Collection entries
============================================================
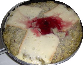 Dose grüne Bohnen abseihen und vorsichtig unterheben, alles in eine 20 cm eingefettete 20 cm Bratpfanne gießen, glattstreichen, drei Scheiben Raclette Käse verteilen und in die Mitte einen Tl Preiselbeeren a d Glas geben, Deckel schließen, auf eine kalte Kochplatte stellen, Hitze auf Stufe zwei von sechs möglichen Stufen langsam 60 – 75 min backen, die Teig-oberfläche sollte nicht mehr glänzen, der Auflauf sollte sich beim schütteln vom Pfannenboden lösen.
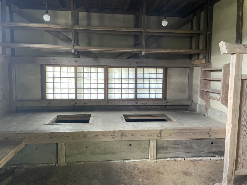 細工場も補修が終わり元の姿へと。壁の中塗りと漆喰は屋根が終わってからだそうだ。ロクロ台の小さい穴が濱田庄司が使った。大きな穴がリーチの使ったロクロ台。丁度濱田とリーチが向かい合わせで仕事をしたそうだ。
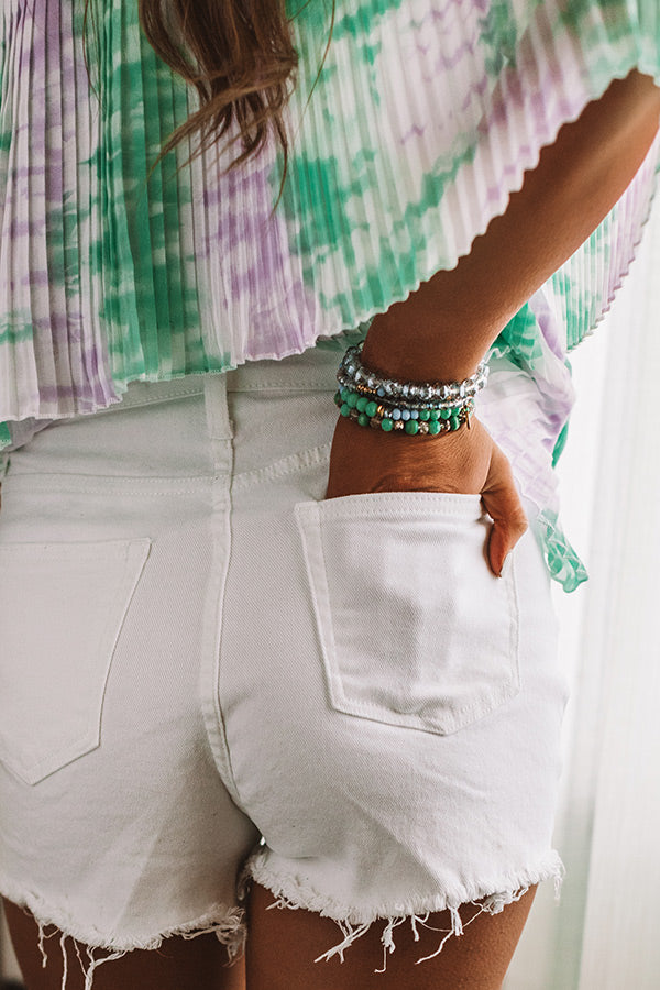 The adorable white "Tory" shorts feature lightweight stretchy denim material, distressed detailing, a high waist fit, a hidden zip fly with a button closure, belt loops, five pocket cuts, and a relaxed silhouette that falls into ultra frayed raw cut upper thigh length hemlines! Style with your favorite basic tee, tank, or lightweight sweater, an oversized tote or a crossbody, sunnies, and some neutral wedges or colored sandals for the most relaxed summer look yet!
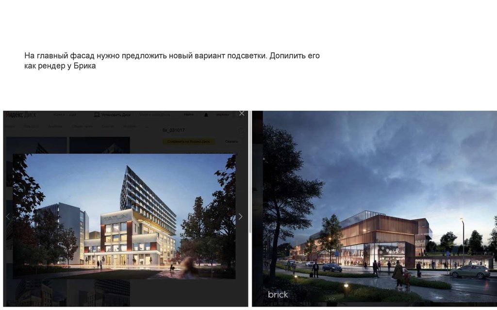 На главный фасад нужно предложить новый вариант подсветки. Допилить егокак рендер у Брика
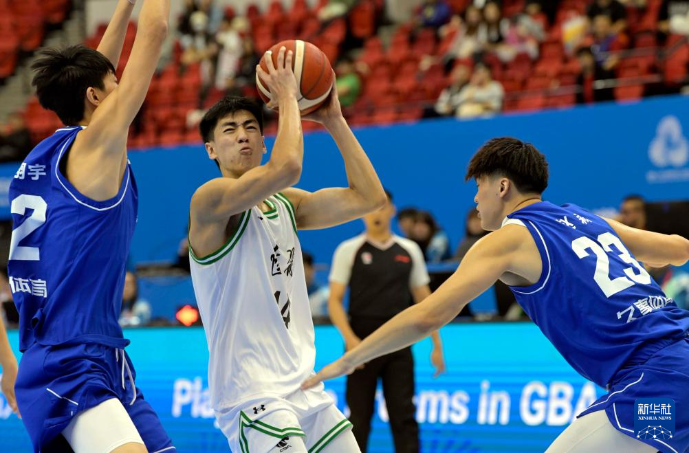 11月17日,上海队球员刘梓鹏(中)在比赛中上篮。
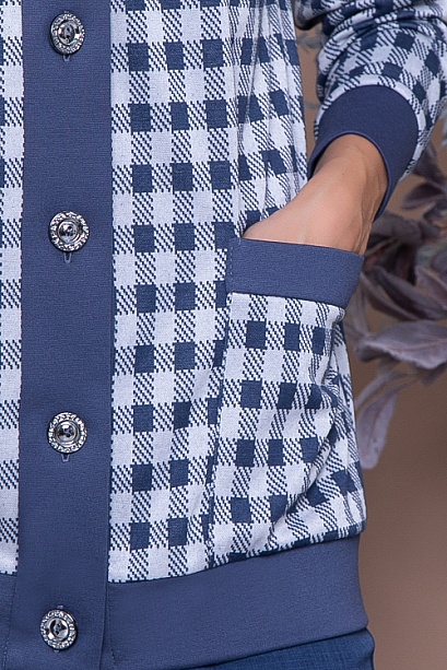 Кардиган свободного силуэта из жаккардового трикотажного полотна в клетку с однотонной отделкой.
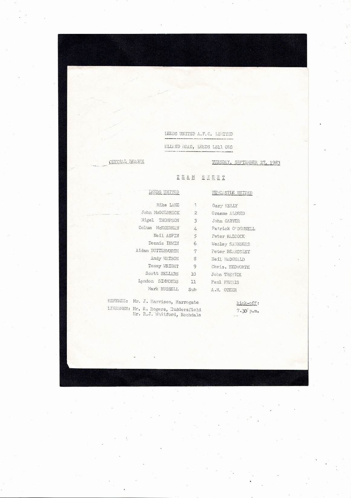 1983/84 Leeds United v Newcastle United Central League Football Programme
============================================================
> [Task instructions]: Could you write out, word for word, the lines from the one containing "На главный фасад" through the last line of the records, leaving out the pictures?

> [Response area]:
 На главный фасад нужно предложить новый вариант подсветки. Допилить егокак рендер у Брика
 11月17日,上海队球员刘梓鹏(中)在比赛中上篮。
 Кардиган свободного силуэта из жаккардового трикотажного полотна в клетку с однотонной отделкой.
 1983/84 Leeds United v Newcastle United Central League Football Programme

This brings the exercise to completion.